Finally, the 4th column tells you the data type of each column. int64 means numerical integer values, which we can work with. ‘Object’ are text (string) values. You can see this in the df.head() results above. The column ‘Street’, for example has values like ‘Pave’. There are ways to turn such categories into numerical values (part of ‘feature engineering’) but that’s a beyond the scope of this exercise (we’ll look at feature engineering in more detail in a later lab).
df['Street']| Street | |
|---|---|
| 0 | Pave |
| 1 | Pave |
| 2 | Pave |
| 3 | Pave |
| 4 | Pave |
| ... | ... |
| 2925 | Pave |
| 2926 | Pave |
| 2927 | Pave |
| 2928 | Pave |
| 2929 | Pave |
2930 rows × 1 columns
As you can see, this dataset has 80 different features for 2930 different houses (‘measurements’), so a great example for multivariate regressions.

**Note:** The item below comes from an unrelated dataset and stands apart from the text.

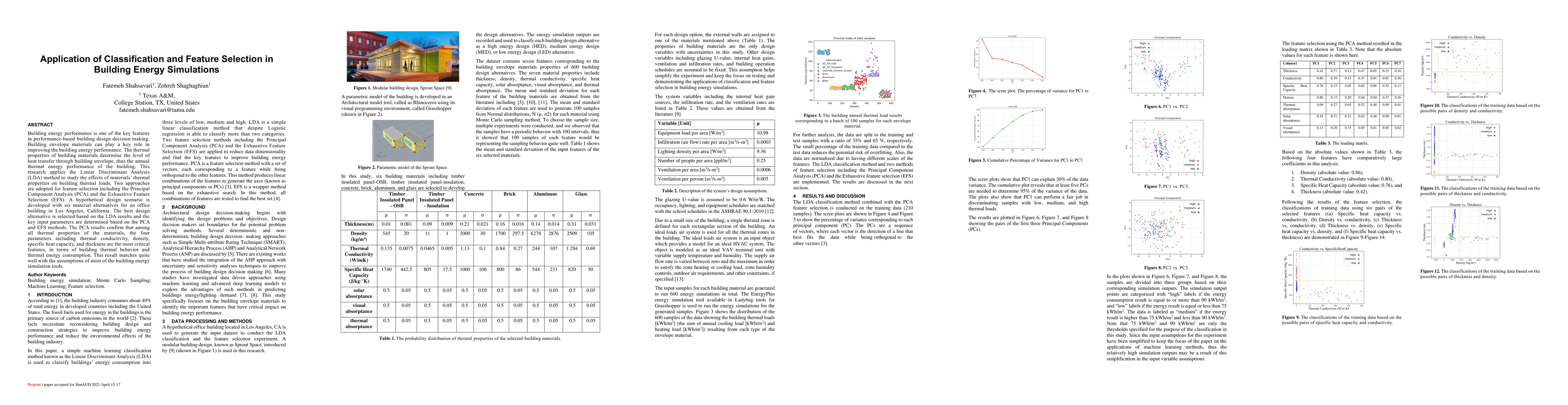 This paper uses Linear Discriminant Analysis (LDA) to evaluate the impact of building materials' thermal properties on building energy performance. The study employs PCA and EFS for feature selection, identifying thermal conductivity, density, specific heat capacity, and thickness as the most critical parameters influencing thermal energy consumption.

[Note that I don’t exactly know what each feature is, but you can mostly guess or probably find it online for the Ames housing dataset.]
Now we get to the fun part. Let’s ‘engineer’ the features that we think are helpful to predict the sale price of each house, which is in the last column. In this exercise we will only explore the ‘hypothesis’ that the sale prices have a linear dependence on the various features in this database (which in this case are indeed ‘features’ of each house).
I will try to just give you enough skeleton code so you don’t get too bogged down in pandas/numpy syntax. The challenge of this lab is for you to come up with the best multivariate linear regression model to predict house prices from whatever combination of features you choose.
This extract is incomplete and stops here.